EXERCISE PROMPT
Would you please repeat, word for word, only the lines from the one holding "Москва. 29 февраля." through the one holding "Isang matandang lalaki, nakasuot" in the material below, without the pictures?

AVAILABLE DATA
-- Opening Marker --

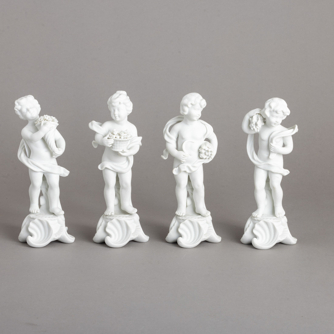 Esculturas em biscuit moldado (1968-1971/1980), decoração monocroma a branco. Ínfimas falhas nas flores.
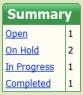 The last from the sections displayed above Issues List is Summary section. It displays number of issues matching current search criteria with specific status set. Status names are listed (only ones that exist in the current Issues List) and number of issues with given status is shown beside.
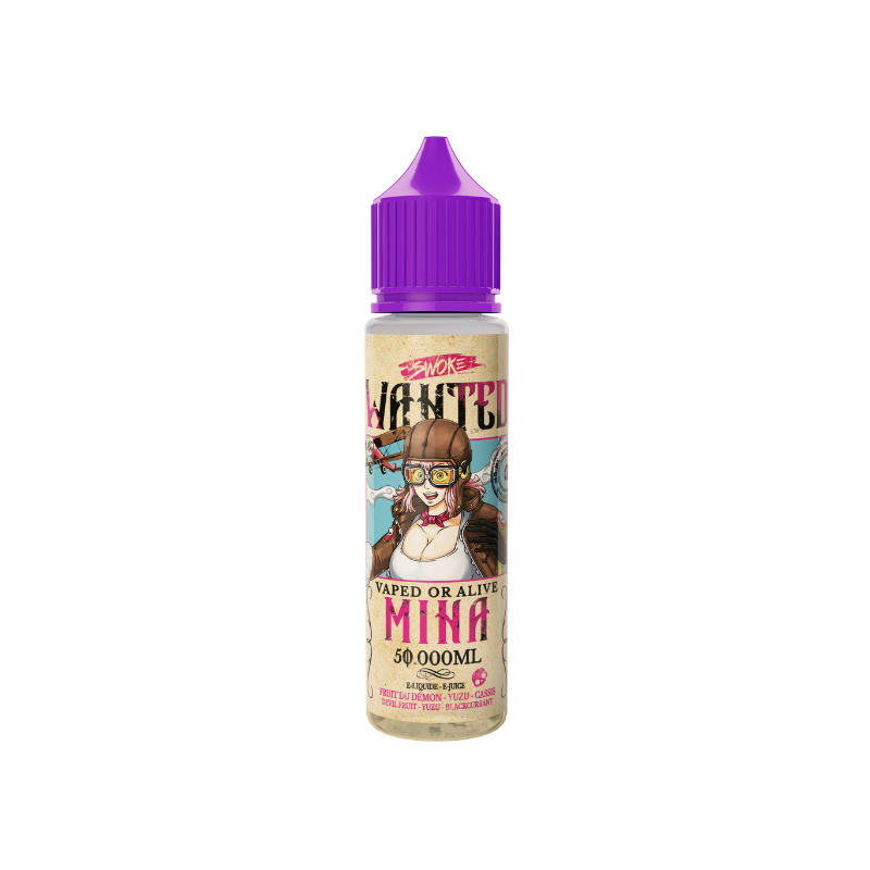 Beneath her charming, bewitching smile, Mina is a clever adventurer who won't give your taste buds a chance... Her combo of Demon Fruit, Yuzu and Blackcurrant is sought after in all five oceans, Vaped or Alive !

-- Closing Marker --
-- Opening Marker --

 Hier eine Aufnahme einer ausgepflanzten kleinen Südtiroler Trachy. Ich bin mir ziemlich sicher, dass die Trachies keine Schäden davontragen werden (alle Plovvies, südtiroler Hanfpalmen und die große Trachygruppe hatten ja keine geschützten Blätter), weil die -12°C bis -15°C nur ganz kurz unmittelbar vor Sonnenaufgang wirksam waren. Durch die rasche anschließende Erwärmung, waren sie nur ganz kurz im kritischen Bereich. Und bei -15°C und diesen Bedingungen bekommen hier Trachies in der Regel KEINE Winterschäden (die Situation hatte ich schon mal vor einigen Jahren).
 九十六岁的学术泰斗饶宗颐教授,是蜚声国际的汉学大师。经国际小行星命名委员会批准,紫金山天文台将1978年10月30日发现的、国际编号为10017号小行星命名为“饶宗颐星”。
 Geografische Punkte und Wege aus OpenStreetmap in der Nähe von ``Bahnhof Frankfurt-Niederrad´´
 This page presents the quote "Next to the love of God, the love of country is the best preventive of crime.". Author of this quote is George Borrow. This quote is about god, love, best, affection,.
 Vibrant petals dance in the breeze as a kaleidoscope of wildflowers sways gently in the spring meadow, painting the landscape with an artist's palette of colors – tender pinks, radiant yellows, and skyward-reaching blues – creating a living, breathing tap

-- Closing Marker --
-- Opening Marker --

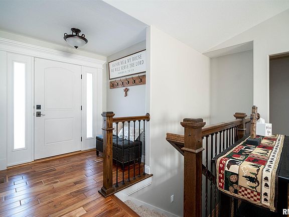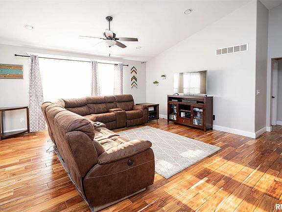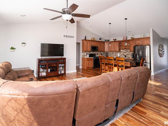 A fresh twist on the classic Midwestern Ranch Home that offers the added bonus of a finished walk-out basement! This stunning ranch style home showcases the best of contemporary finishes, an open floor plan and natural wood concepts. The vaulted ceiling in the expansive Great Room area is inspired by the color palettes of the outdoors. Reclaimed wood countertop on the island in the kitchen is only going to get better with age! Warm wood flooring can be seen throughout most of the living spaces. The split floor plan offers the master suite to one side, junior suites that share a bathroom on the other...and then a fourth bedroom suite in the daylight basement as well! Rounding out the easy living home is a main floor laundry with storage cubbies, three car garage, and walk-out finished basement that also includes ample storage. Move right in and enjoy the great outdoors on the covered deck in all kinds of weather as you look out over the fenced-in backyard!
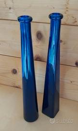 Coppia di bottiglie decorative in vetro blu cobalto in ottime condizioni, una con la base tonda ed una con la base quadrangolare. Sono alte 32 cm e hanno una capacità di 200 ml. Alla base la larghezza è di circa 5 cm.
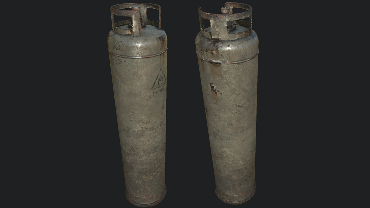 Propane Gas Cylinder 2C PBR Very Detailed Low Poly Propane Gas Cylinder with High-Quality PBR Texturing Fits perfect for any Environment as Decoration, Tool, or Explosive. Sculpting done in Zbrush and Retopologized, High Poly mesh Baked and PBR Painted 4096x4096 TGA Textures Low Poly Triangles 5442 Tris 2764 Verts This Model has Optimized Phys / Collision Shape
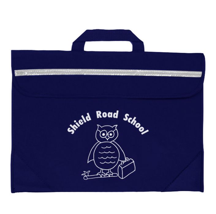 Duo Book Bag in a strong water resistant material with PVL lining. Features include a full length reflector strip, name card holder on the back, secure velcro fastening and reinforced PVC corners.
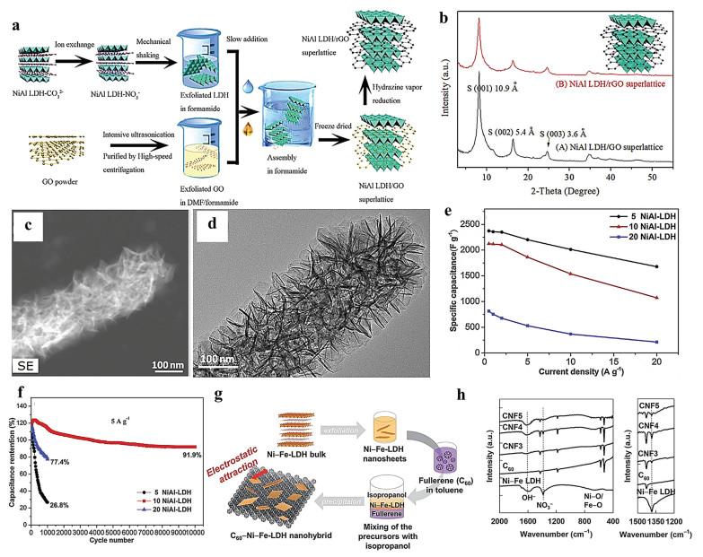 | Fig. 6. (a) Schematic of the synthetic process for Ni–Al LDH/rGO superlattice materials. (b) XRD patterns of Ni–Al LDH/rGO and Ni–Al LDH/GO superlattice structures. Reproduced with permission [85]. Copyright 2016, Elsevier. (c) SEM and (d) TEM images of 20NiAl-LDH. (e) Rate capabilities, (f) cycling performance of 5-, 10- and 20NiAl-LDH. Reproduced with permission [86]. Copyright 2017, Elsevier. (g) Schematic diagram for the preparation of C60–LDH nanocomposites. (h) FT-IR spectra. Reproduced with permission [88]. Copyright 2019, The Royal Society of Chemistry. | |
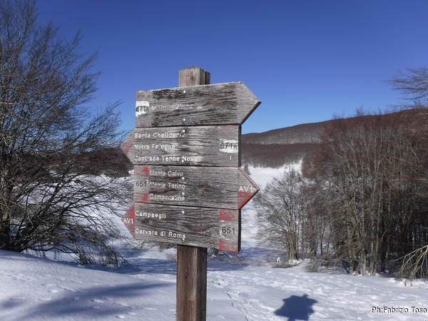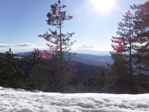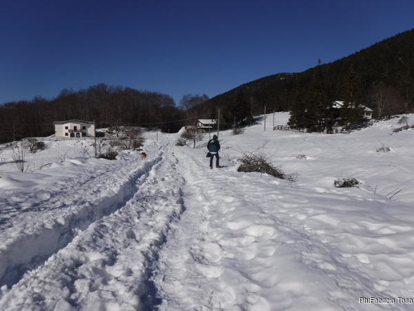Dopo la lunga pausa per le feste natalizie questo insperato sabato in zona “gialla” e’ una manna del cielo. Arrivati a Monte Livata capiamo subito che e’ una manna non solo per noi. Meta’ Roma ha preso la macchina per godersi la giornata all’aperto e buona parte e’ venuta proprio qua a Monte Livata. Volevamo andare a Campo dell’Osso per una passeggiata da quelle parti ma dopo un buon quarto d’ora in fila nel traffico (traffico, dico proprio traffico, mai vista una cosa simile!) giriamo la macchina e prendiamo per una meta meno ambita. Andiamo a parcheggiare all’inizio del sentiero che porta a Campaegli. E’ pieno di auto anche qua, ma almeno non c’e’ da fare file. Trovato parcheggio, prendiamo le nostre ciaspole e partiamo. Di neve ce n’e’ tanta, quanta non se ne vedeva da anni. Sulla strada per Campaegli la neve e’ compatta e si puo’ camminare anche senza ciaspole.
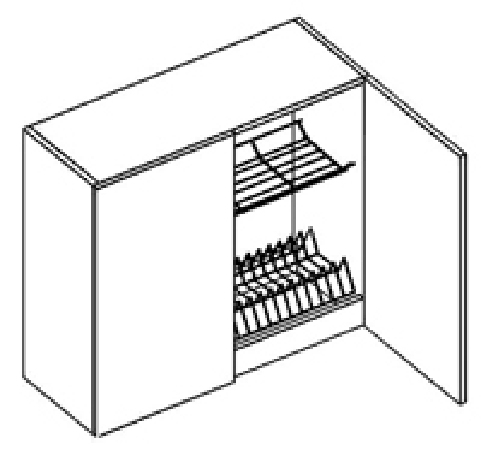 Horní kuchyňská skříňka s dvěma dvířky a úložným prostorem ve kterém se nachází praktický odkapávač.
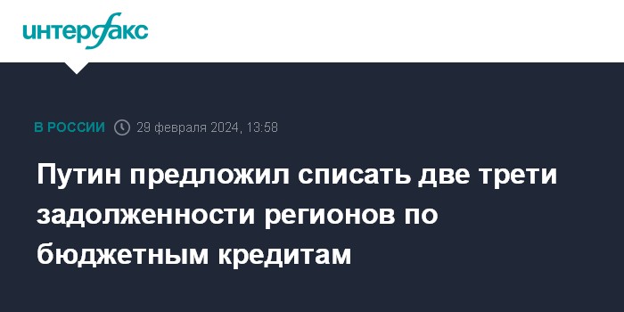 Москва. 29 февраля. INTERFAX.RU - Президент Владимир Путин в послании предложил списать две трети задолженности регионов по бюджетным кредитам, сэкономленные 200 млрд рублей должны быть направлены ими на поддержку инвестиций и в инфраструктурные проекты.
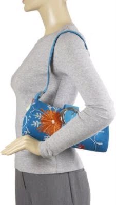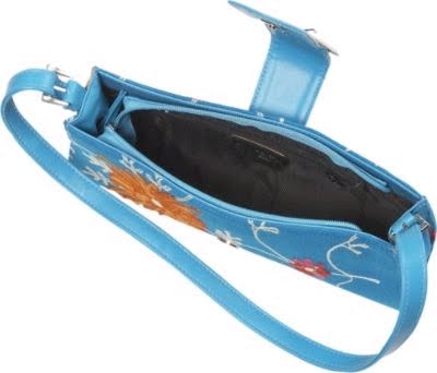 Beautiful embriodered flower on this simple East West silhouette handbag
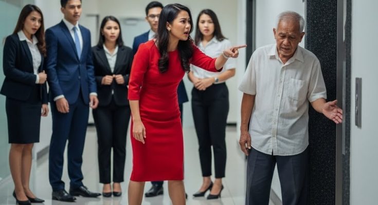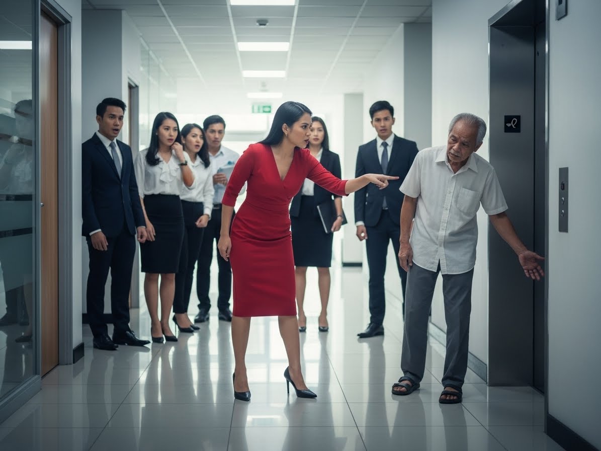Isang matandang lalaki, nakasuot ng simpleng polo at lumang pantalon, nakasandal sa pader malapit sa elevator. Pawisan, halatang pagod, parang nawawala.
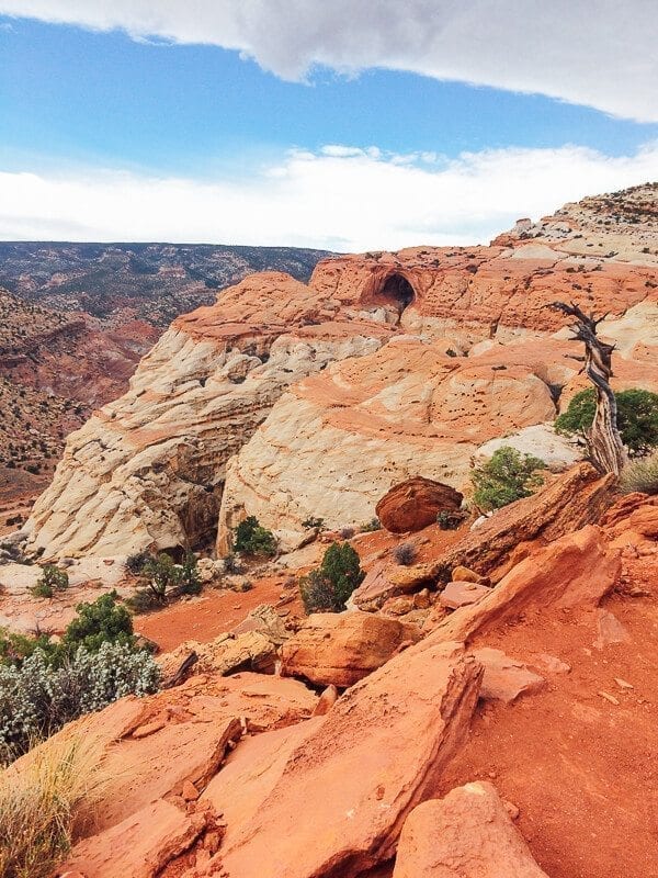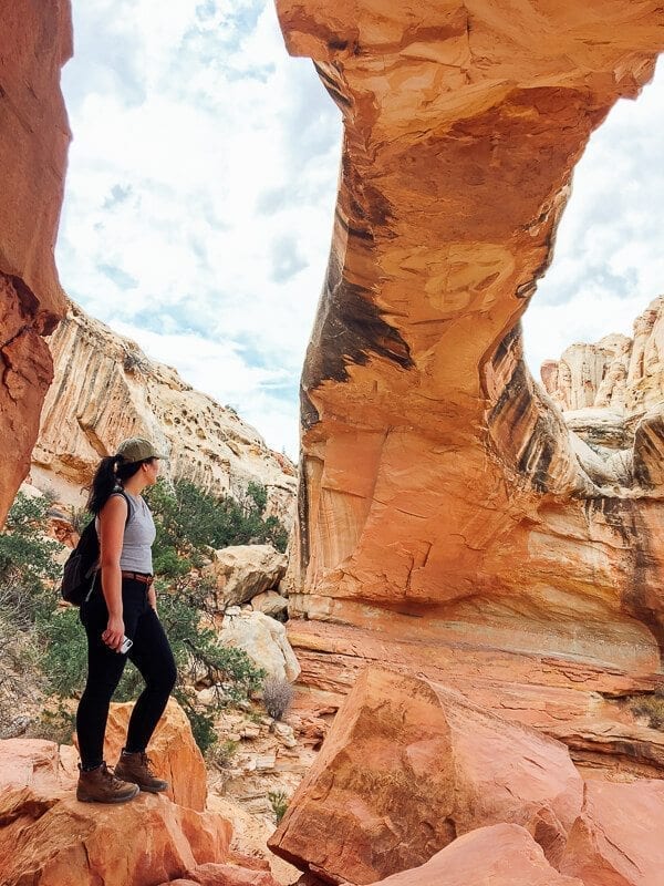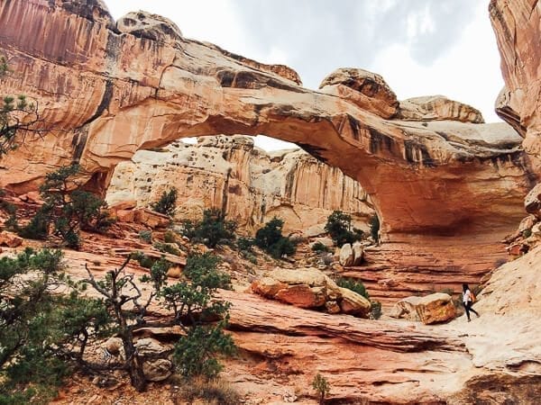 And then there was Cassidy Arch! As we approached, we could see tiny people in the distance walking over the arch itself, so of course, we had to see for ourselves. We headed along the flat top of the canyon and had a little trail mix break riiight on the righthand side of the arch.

-- Closing Marker --

EXPECTED ANSWER
 Москва. 29 февраля. INTERFAX.RU - Президент Владимир Путин в послании предложил списать две трети задолженности регионов по бюджетным кредитам, сэкономленные 200 млрд рублей должны быть направлены ими на поддержку инвестиций и в инфраструктурные проекты.
 Beautiful embriodered flower on this simple East West silhouette handbag
Isang matandang lalaki, nakasuot ng simpleng polo at lumang pantalon, nakasandal sa pader malapit sa elevator. Pawisan, halatang pagod, parang nawawala.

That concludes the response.